§ **PROBLEM DESCRIPTION**: The output is a word-for-word repeat of the listing below, free of images.

(INPUT DATA Opens)

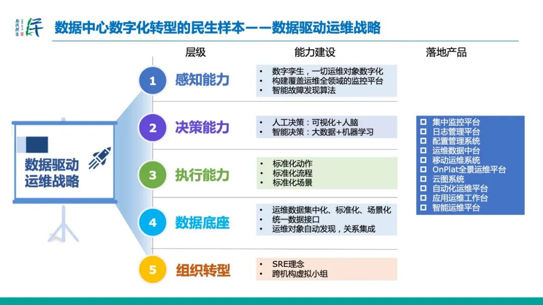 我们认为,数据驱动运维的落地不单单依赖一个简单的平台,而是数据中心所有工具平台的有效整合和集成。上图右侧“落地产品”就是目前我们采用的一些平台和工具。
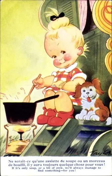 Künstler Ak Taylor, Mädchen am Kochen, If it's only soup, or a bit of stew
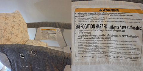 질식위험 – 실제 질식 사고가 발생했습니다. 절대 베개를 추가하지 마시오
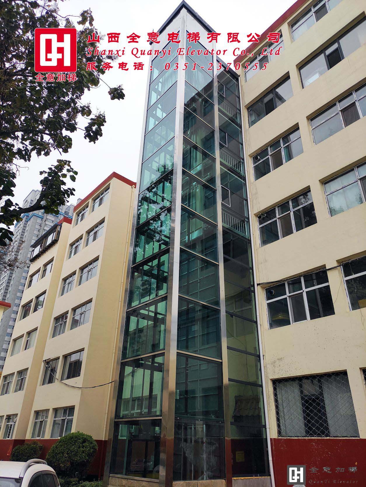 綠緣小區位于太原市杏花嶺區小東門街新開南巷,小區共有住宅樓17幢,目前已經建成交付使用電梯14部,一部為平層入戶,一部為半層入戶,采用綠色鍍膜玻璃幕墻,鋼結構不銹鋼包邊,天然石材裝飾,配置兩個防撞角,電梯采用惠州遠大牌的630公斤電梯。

(INPUT DATA Closes)

§ **TASK RESULT**:
 我们认为,数据驱动运维的落地不单单依赖一个简单的平台,而是数据中心所有工具平台的有效整合和集成。上图右侧“落地产品”就是目前我们采用的一些平台和工具。
 Künstler Ak Taylor, Mädchen am Kochen, If it's only soup, or a bit of stew
 질식위험 – 실제 질식 사고가 발생했습니다. 절대 베개를 추가하지 마시오
 綠緣小區位于太原市杏花嶺區小東門街新開南巷,小區共有住宅樓17幢,目前已經建成交付使用電梯14部,一部為平層入戶,一部為半層入戶,采用綠色鍍膜玻璃幕墻,鋼結構不銹鋼包邊,天然石材裝飾,配置兩個防撞角,電梯采用惠州遠大牌的630公斤電梯。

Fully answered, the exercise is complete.